Удивительна была также жизнерадостность многих тяжелораненых. Чуть становилось полегче, они уже балагурили, шутили, смеялись. Один из них, молодой солдат Глущенко, был ранен шрапнелью в бедро с раздроблением кости и на всю жизнь остался калекой. Несколько недель он пролежал ничком или на одном боку; но не только я никогда не слыхала от него никаких жалоб на судьбу, а, напротив, если зайдешь в его палату, и слышишь смех среди солдат, и спросишь в чем дело, оказывается, Глущенко балагурит и потешает соседей.
Тот же пример терпения и мужества являли и наши раненые офицеры. Тяжелее и опаснее всех был подполковник П-вский. Долгое время жизнь его висела на волоске, два месяца он пролежал на спине неподвижно; страдания были так невыносимы, что он ломал себе руки от боли, но никогда ни нетерпения, ни лишнего требования никто из нас от него не слыхал и, несмотря на тяжелое состояние, он всегда был ясный, приветливый. Вообще эта партия раненых невольно импонировала нашему красно-крестному персоналу, впервые, может быть, столкнувшемуся с доблестными строевыми офицерами, которые одним своим нравственным обликом заставили их запрятать поглубже обычное свое недоброжелательство и всякие нарекания.
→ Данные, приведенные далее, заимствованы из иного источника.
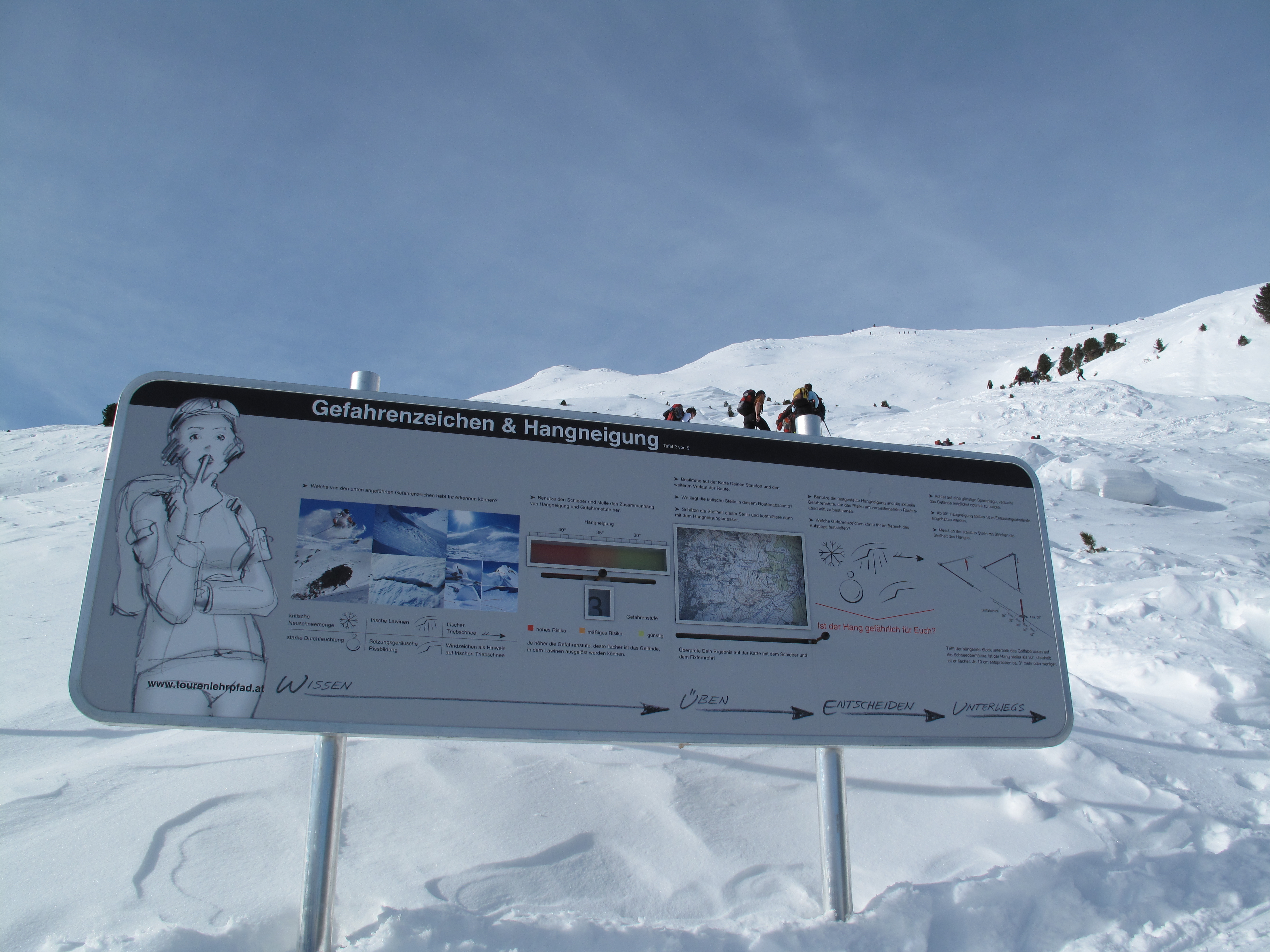 Lampsenspitze, Stubai Alps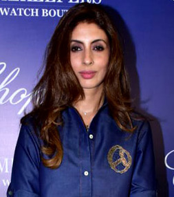 Shweta Bachchan Nanda at Timekeepers Chopard event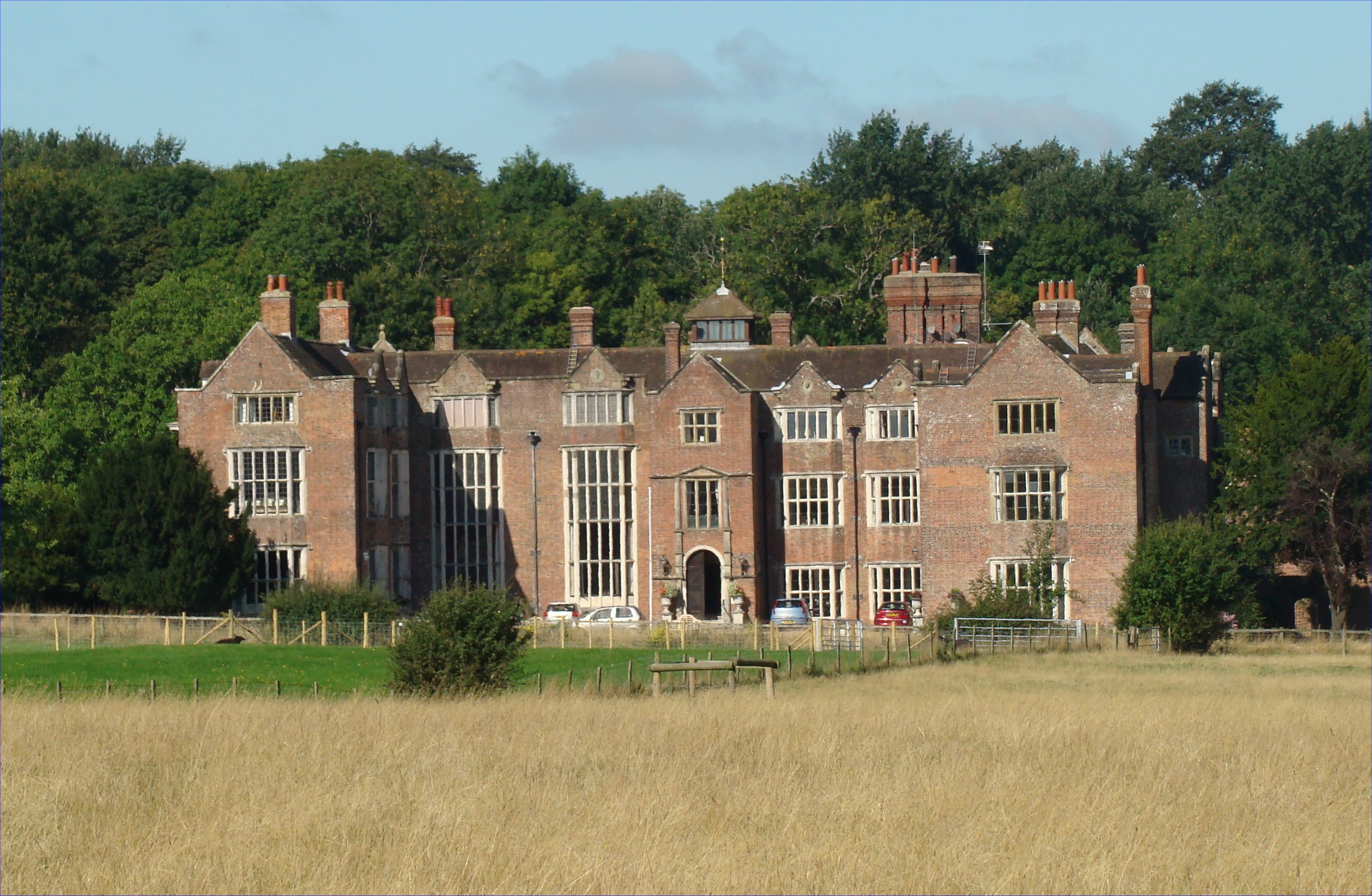 Eastern Elevation of Danny House Sussex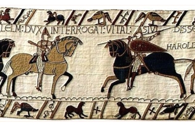 Knight Vital on Bayeux Tapestry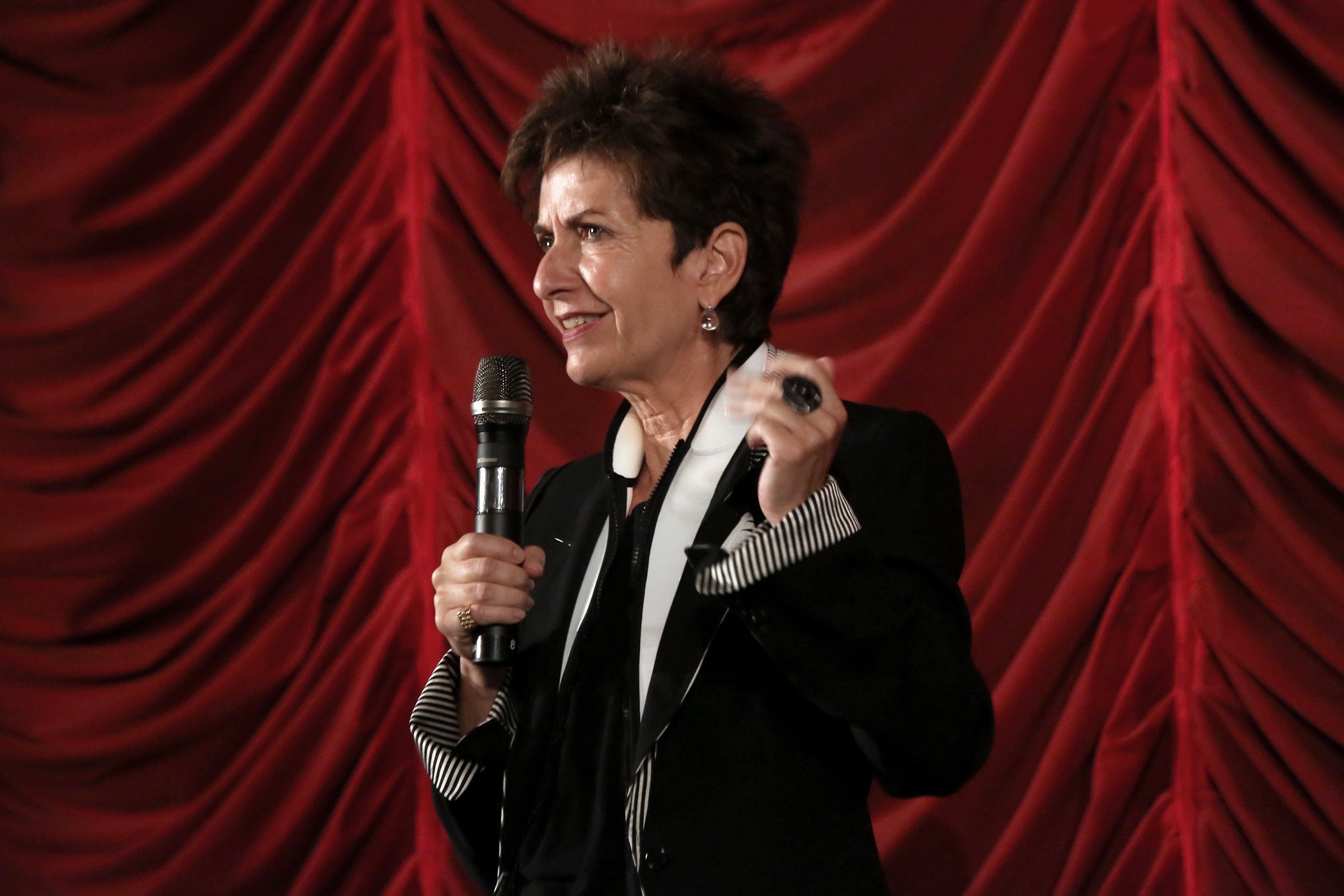 Ruth Beckermann at the premiere of Those Who Go Those Who Stay during Vienna International Film Festival 2013 (Gartenbaukino, Vienna, Austria).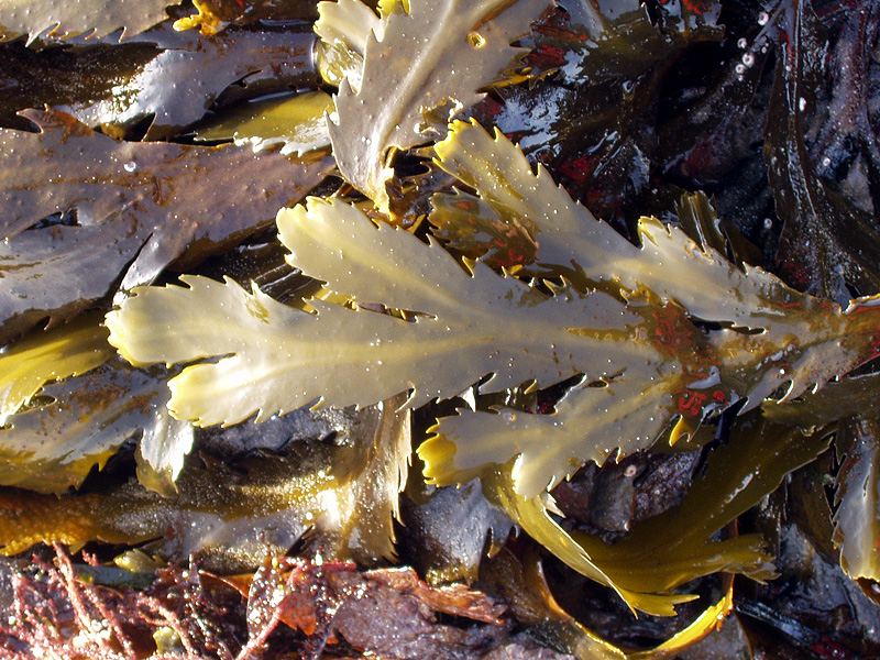 Fucus serratus, taken by Stemonitis at Rhoscolyn, Anglesey, Wales on the 3rd of January 2006.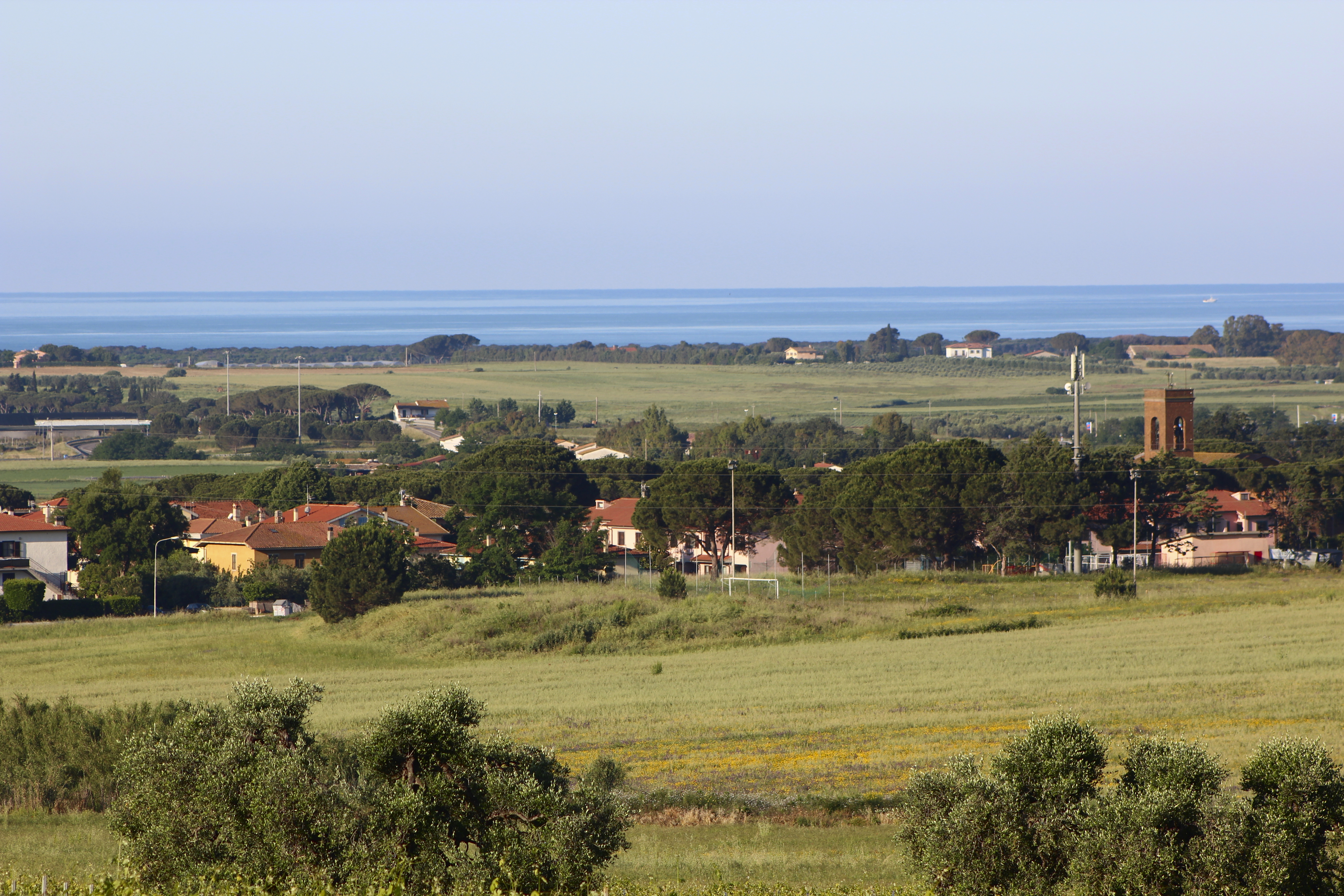 Borgo Carige, hamlet of Capalbio, Province of Grosseto, Tuscany, Italy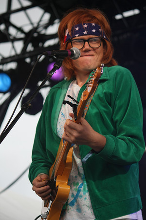 Brett Dennen performs at Life is Good Festival, Canton, MA 2010-09-12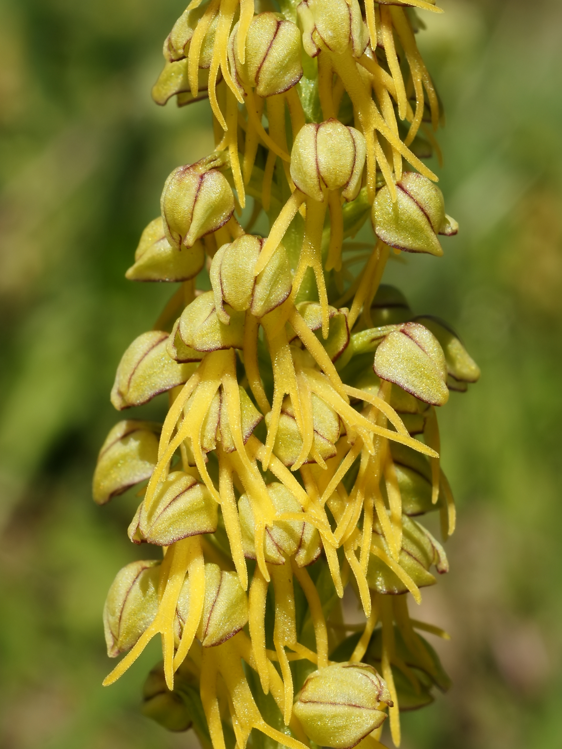 Man orchid flowers. Approximate co-ordinates: plant located within 5 km from Ussassai, Sardinia, Italy.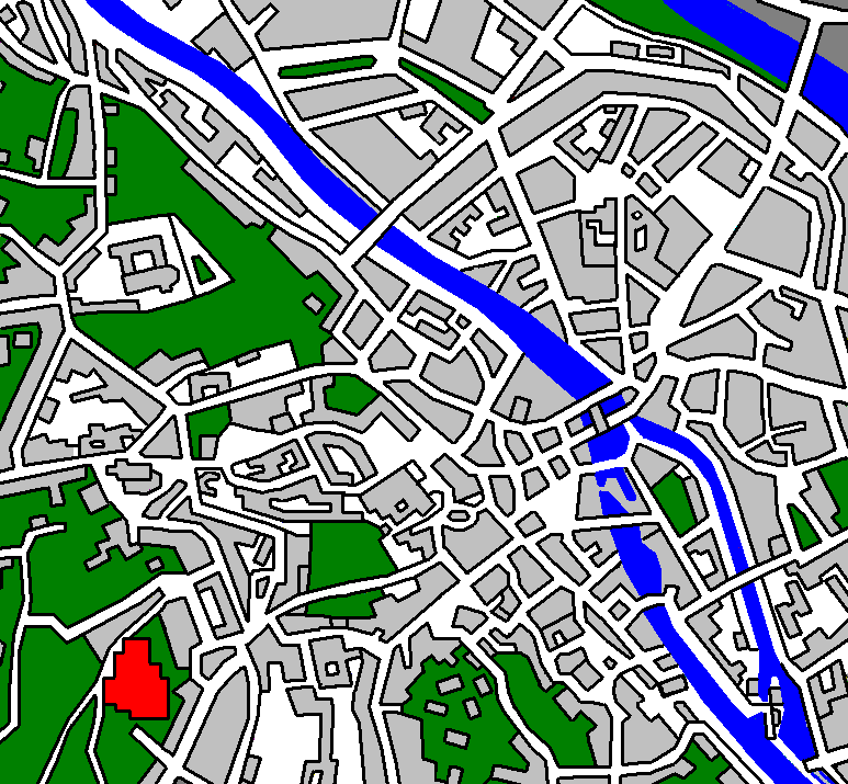 locator map in the German town of Bamberg

К половине ноября госпиталь наш наконец привелся в порядок для зимы, потеплел и стал казаться даже как будто уютным. Большой портрет Государыни украшал одну из стен, искусно задрапированный в красную и белую материю. Ровными рядами стояли койки, маленький дежурный столик ютился у стены перегородки и ночью освещался слабым светом свечки, когда остальная часть палаты погружалась в полумрак и тишину. Так хорошо казалось в этой палате, и мило все было в ней.
Проработав целый день, каждая на своем дежурстве, мы собирались часам к девяти вечера в своем домике и за чашкой чая делились дневными впечатлениями, рассказывали друг другу забавные эпизоды, порой хохотали до упаду над каким-нибудь пустяком. В этих наших отношениях хорошо было то редкое среди женщин явление, что у нас было настоящее товарищество. Мы отлично относились друг к другу, готовы были стоять друг за друга горой, - вместе с тем совершенно отсутствовала чисто женская черта копаться в чужой душе и интимной жизни.
Однако, несмотря на столько хороших данных, я была заражена общим недугом почти всех сестер - стремлением на юг. Приблизительно в это время в «Вестнике Манчжурских Армий» было напечатано сенсационное известие об одной сестре, перешедшей в японский лагерь с целью быть отправленной в Мацуяму и служить там нашим раненым. Рассказ этот был передан с ореолом героизма и окончательно вскружил мне голову. Добиться перевода на юг, ближе к позициям, быть в непосредственной близости к будущему бою стало моей заветной мечтой.